WHAT IS BEING ASKED: Beneath this task are records; print exactly the stretch of them from the line with "Specification: Balenciaga Men" through the line with "処理 | 該当ポリシーの後続処理停止が有効の場合は終了、無効の場合は継続と表示されます。 |", both ends included.

EXCERPTED DATA:

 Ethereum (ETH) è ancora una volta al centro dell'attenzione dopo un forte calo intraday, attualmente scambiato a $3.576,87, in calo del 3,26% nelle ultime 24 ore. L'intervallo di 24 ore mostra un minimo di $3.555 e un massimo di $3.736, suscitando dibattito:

---

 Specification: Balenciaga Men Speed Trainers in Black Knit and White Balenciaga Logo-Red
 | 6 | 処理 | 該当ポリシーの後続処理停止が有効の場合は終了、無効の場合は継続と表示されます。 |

RESPONSE AREA:
 Specification: Balenciaga Men Speed Trainers in Black Knit and White Balenciaga Logo-Red
 | 6 | 処理 | 該当ポリシーの後続処理停止が有効の場合は終了、無効の場合は継続と表示されます。 |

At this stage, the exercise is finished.